Version 42.1 is the first version of openSUSE Leap that uses source from SUSE Linux Enterprise (SLE) providing a level of stability that will prove to be unmatched by other Linux distributions. Bonding community development and enterprise reliability provides more cohesion for the project and its contributor's maintenance updates. openSUSE Leap will benefit from the enterprise maintenance effort and will have some of the same packages and updates as SLE, which is different from previous openSUSE versions that created separate maintenance streams.
Community developers provide an equal level of contribution to Leap and upstream projects to the release, which bridges a gap between matured packages and newer packages found in openSUSE's other distribution Tumbleweed.
Since the move was such a shift from previous versions, a new version number and version naming strategy was adapted to reflect the change. The SLE sources come from SUSE's soon to be released SLE 12 Service Pack 1 (SP1). The naming strategy is SLE 12 SP1 or 12.1 + 30 = openSUSE Leap 42.1. Many have asked why 42, but SUSE and openSUSE have a tradition of starting big ideas with a four and two, a reference to The Hitchhiker's Guide to the Galaxy.
(Score: 0) by Anonymous Coward on Thursday November 05 2015, @05:35PM
Isn't that exactly what Ubuntu is? A long term support edition (Debian) with newer repositories added on top.

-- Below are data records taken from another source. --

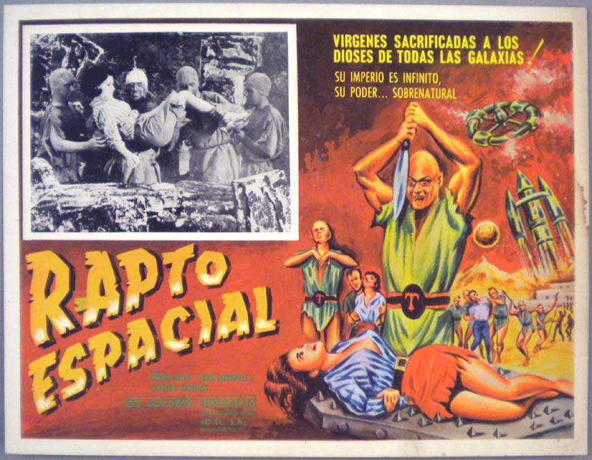 Beautiful Mexican jumbo lobby card (12.5x16.5") from the 1959 AIP sci-fi / monster film, ANGRY RED PLANET, which starred Gerald Mohr, Naura Hayden, Les Tremayne, Jack Kruschen and Paul Hahn. $25 each |
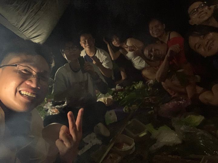 Cuối cùng mọi thứ cũng ổn, mọi người quay quần uống rượu, ăn thịt nướng và cơm lam. Khu vực này đứng gió, nên càng về đêm càng nóng. Ngồi chút mà cũng 10h hơn, mọi người dọn dẹp cho gọn lại và vào lều, khép lại một ngày nhiều cảm xúc.
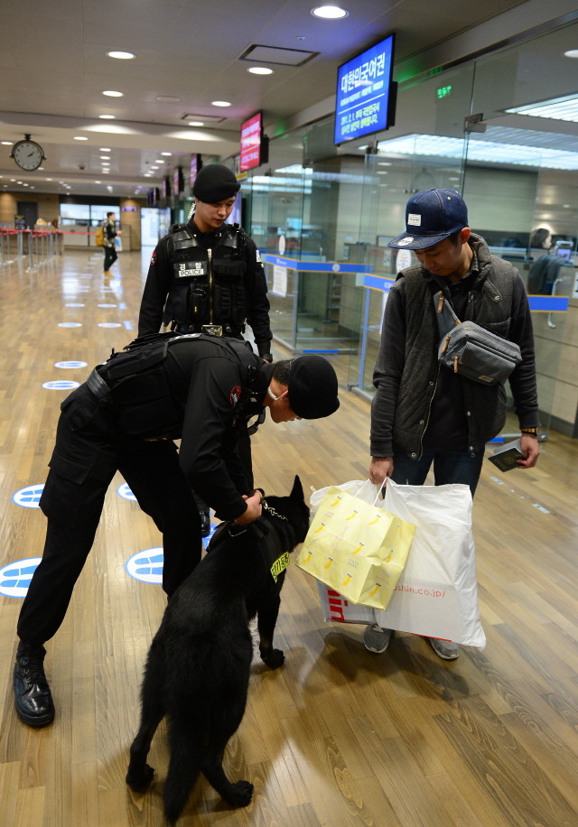 15일 오후 인천국제공항 입국심사장에서 공항경찰대 대원들이 폭발물 탐지견과 함께 경계근무를 서고 있다.
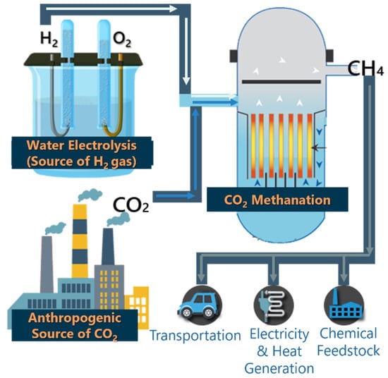 Today’s society faces significant challenges in terms of the energy crisis and climate change caused by global warming. The greenhouse gases (GHGs) which are responsible for the warming of the earth comprise approximately 68% carbon dioxide (CO2) [1]. Apparently, the natural equilibrium of CO2 is being disturbed as the concentration of anthropogenic sources increases with over 30 Gt emissions a year [1]. This primarily stemmed from the burning of fossil fuel and coal, as well as the industrial sector [2,3]. In order to mitigate the release of CO2 into the atmosphere, studies have been focusing on two approaches; to capture and store CO2 or to recycle the CO2 into valuable energy-bearing compounds [4,5]. The carbon capture and storage (CCS) is an interesting method that has been utilized by several oil and gas companies to reduce the CO2 release. Moreover, CO2 can also be retrieved and utilized as supercritical carbon dioxide for industrial chemical processes [6,7,8]. CO2 conversion into valuable products is also assuring, because it can reduce CO2 emissions and is more profitable for the industries involved with environmental issues [9,10], is also an alternative for hydrogen storage systems and is a renewable energy source via power-to-gas (P2G) technology.

(Score: 0) by Anonymous Coward on Thursday November 05 2015, @10:14PM
Yup! But this one is new... And hybrid, must be green like the cars?
(Score: 0) by Anonymous Coward on Friday November 06 2015, @01:42AM
Not gas/electric, more like a mule. Makes me wonder which it has more of: hybrid vigor, or hybrid sterility?
(Score: 2) by Runaway1956 on Friday November 06 2015, @12:12AM
Uhhhhh - no. Ubuntu is not Debian. Ubuntu is based on Debian, but it's not Debian. Linux Mint people understand that. They offer Mint, based on Ubuntu, and LMDE, based on Debian. I was an early adopter of Ubuntu, but I dropped it because it departs so far from what Debian is all about.